AVAILABLE DATA >>

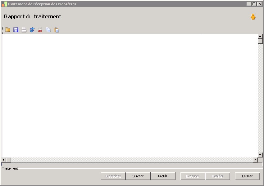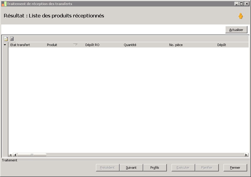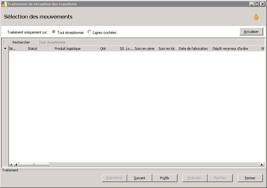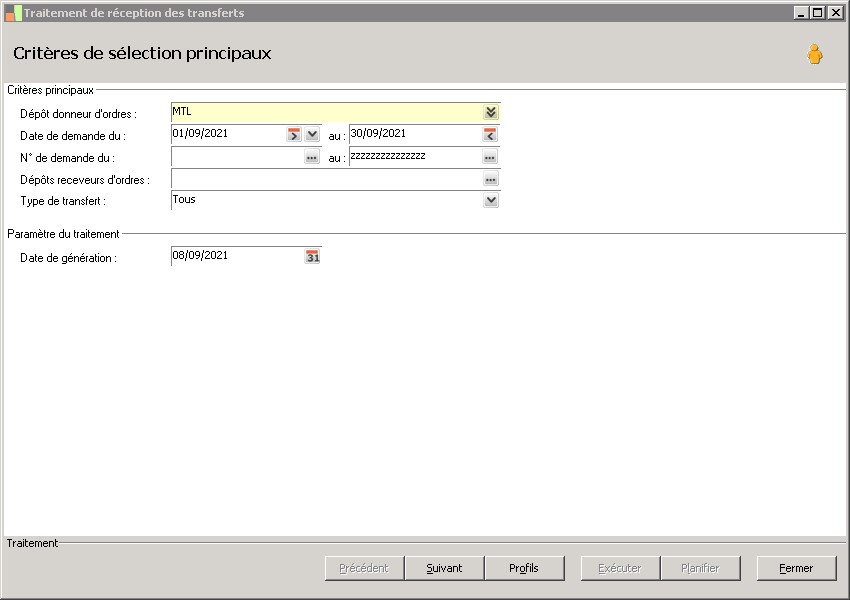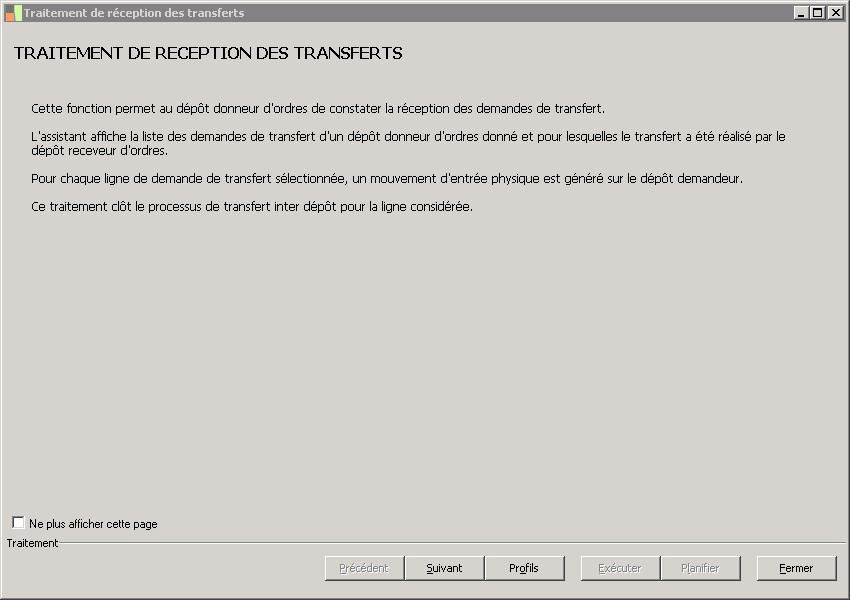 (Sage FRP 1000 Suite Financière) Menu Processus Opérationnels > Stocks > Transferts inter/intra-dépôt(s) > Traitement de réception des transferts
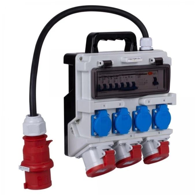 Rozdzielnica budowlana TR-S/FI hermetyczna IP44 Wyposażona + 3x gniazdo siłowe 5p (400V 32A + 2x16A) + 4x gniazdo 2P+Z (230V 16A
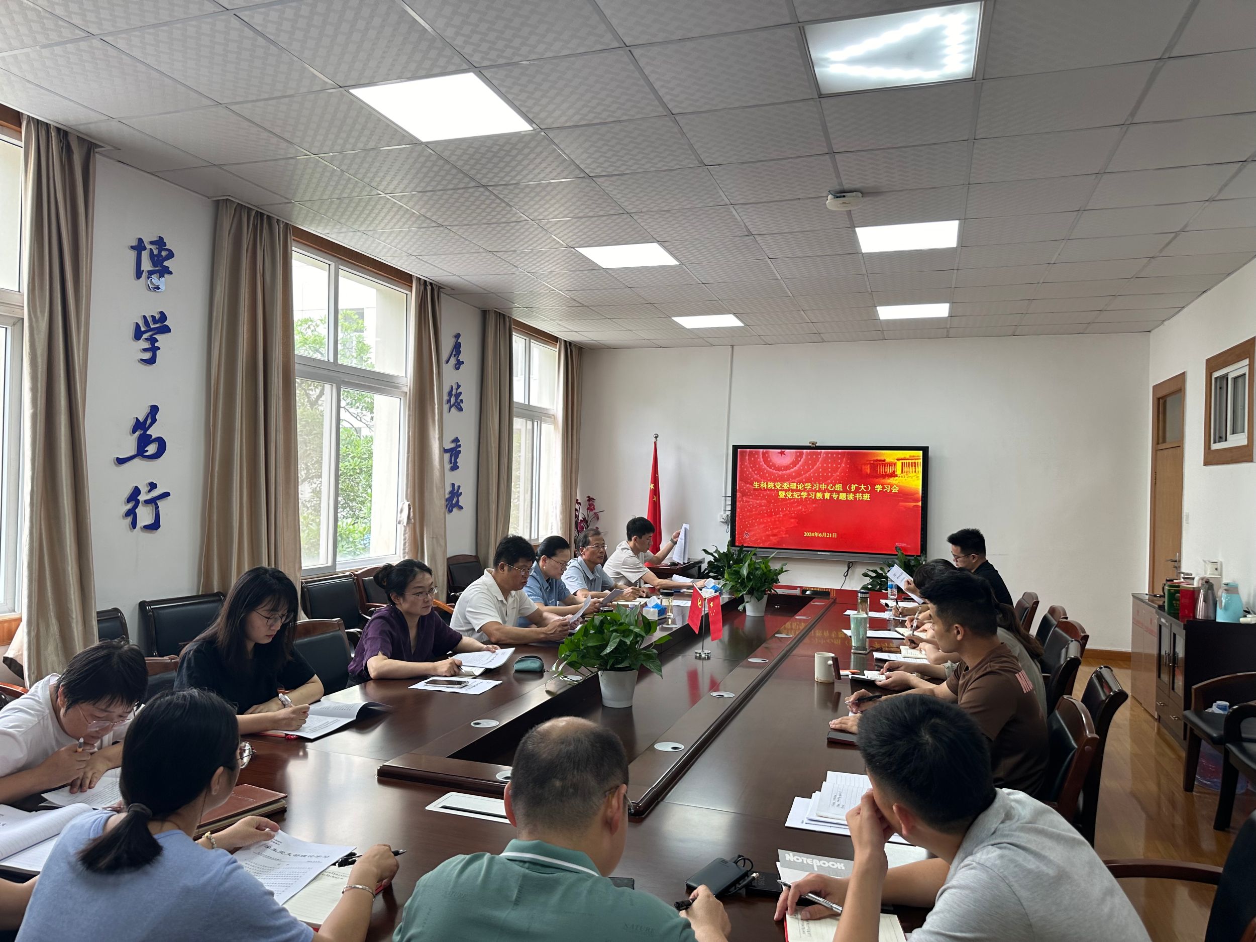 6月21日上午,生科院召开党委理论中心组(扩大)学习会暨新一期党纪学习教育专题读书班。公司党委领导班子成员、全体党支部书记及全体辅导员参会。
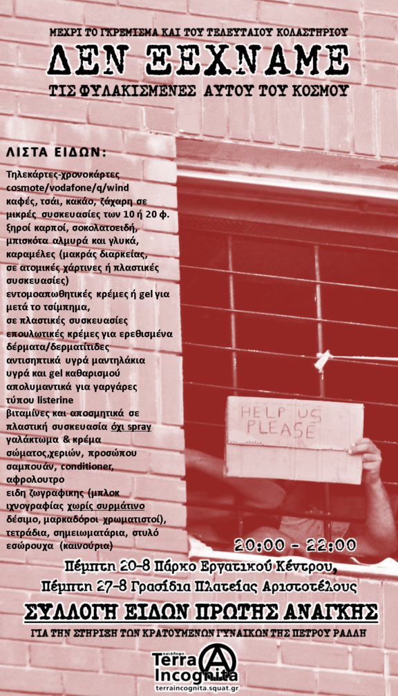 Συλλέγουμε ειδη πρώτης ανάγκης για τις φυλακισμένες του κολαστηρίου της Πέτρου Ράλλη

THE PROBLEM >>
When you find the line that contains "6月21日上午,生科院召开党", retype it and every line after it through the end of the data above, exactly, with no pictures.

RESPONSE TO THE EXERCISE >>
 6月21日上午,生科院召开党委理论中心组(扩大)学习会暨新一期党纪学习教育专题读书班。公司党委领导班子成员、全体党支部书记及全体辅导员参会。
 Συλλέγουμε ειδη πρώτης ανάγκης για τις φυλακισμένες του κολαστηρίου της Πέτρου Ράλλη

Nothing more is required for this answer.